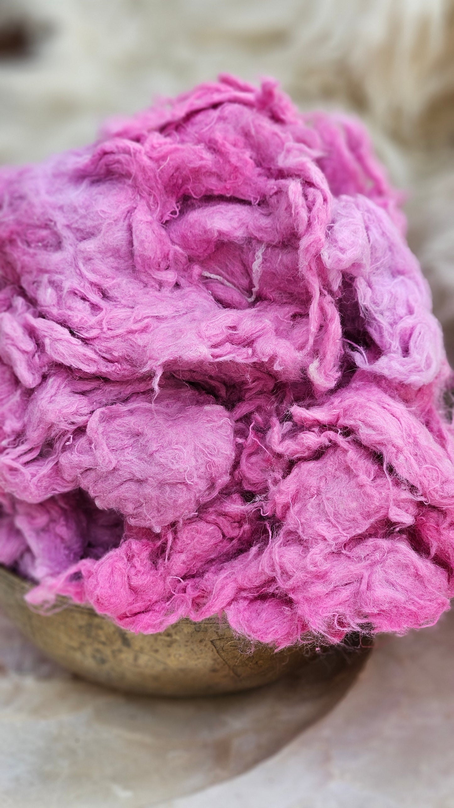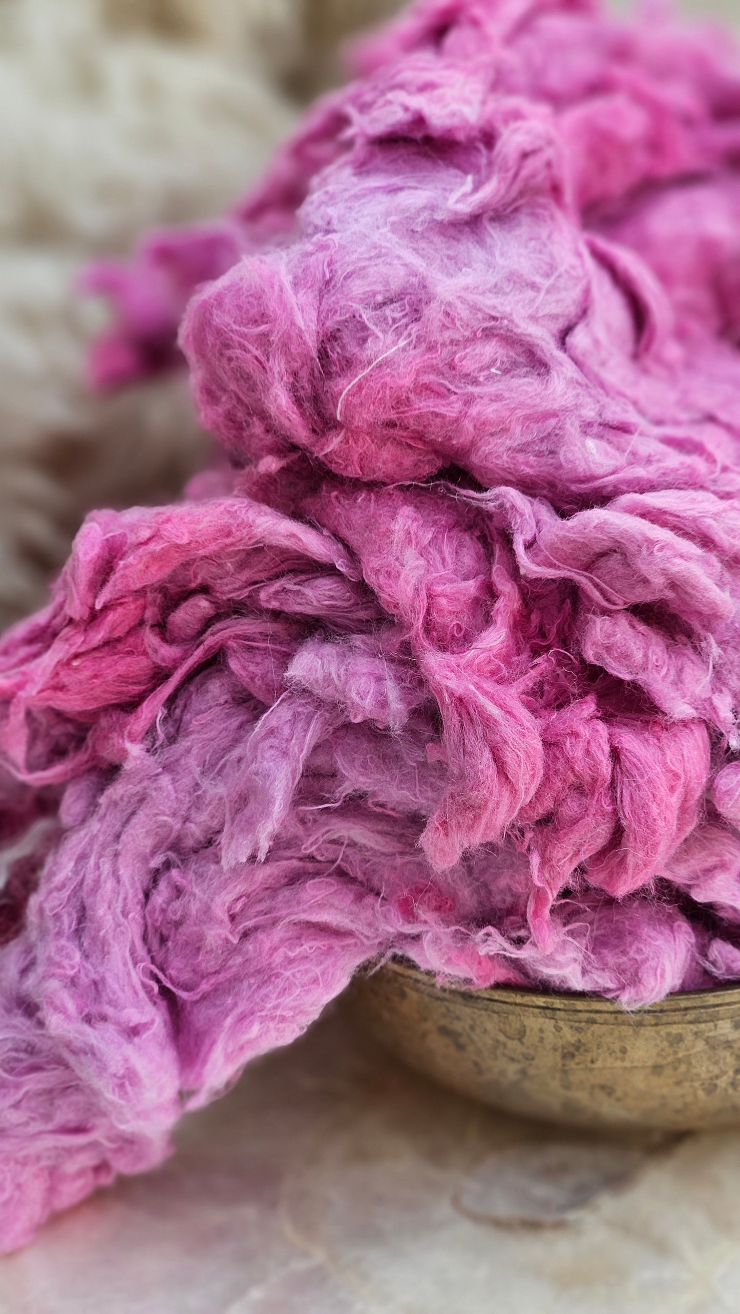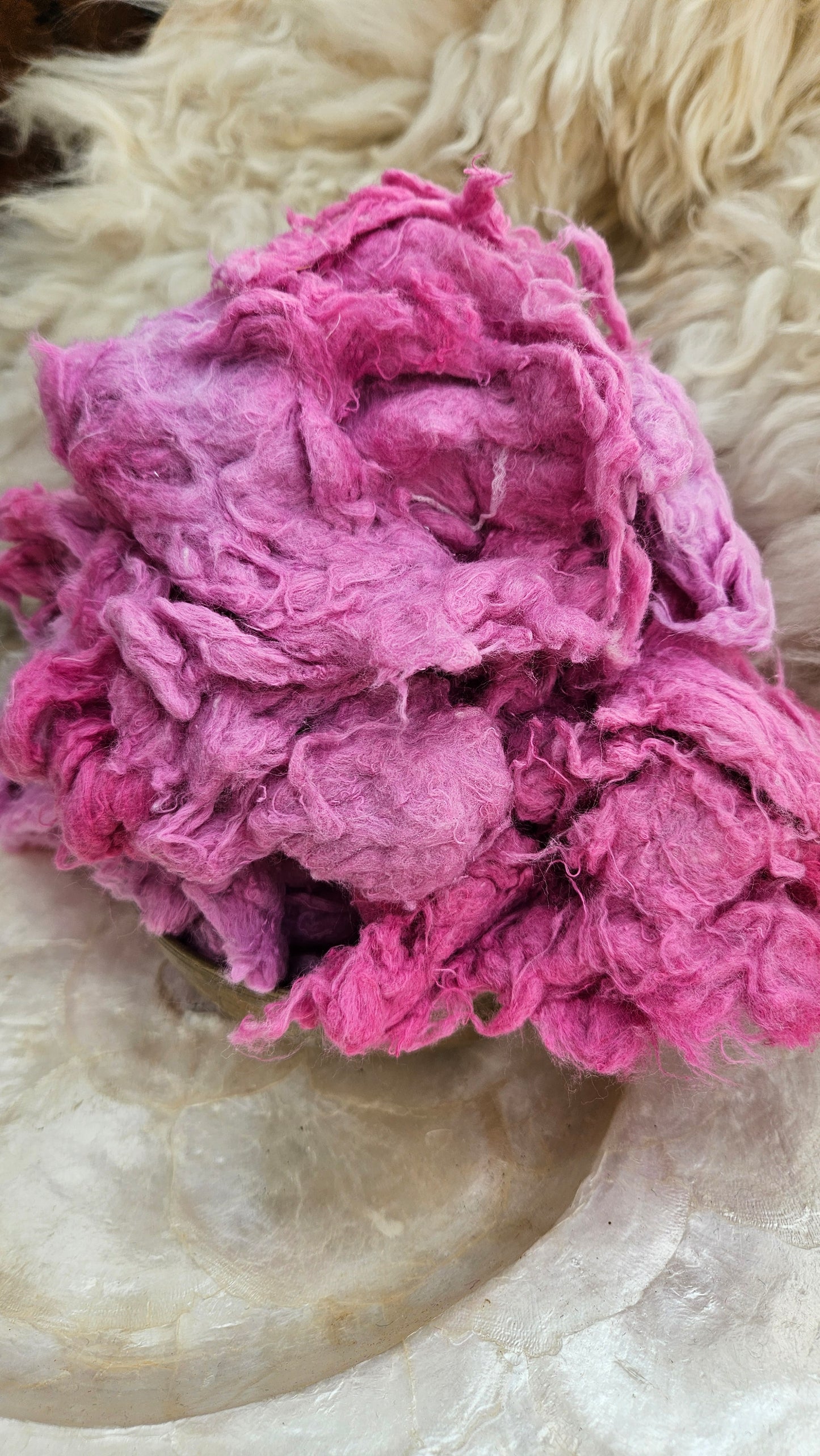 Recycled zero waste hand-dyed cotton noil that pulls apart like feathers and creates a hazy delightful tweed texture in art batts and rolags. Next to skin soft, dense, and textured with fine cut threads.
______
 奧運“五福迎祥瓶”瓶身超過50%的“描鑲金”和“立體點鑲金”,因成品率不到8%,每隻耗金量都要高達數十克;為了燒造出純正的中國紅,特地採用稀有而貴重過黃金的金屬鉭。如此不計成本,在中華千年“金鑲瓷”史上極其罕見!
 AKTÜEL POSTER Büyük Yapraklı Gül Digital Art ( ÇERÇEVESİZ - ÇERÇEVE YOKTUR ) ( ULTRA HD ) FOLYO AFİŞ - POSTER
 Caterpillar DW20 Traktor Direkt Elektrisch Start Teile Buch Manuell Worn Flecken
______
→ AIM OF THE TASK: Copy only this part of the entries above: the line with "AKTÜEL POSTER Büyük", the line with "Caterpillar DW20 Traktor", and the lines between, all exactly as written.

→ ANSWER TO THIS PROBLEM:
 AKTÜEL POSTER Büyük Yapraklı Gül Digital Art ( ÇERÇEVESİZ - ÇERÇEVE YOKTUR ) ( ULTRA HD ) FOLYO AFİŞ - POSTER
 Caterpillar DW20 Traktor Direkt Elektrisch Start Teile Buch Manuell Worn Flecken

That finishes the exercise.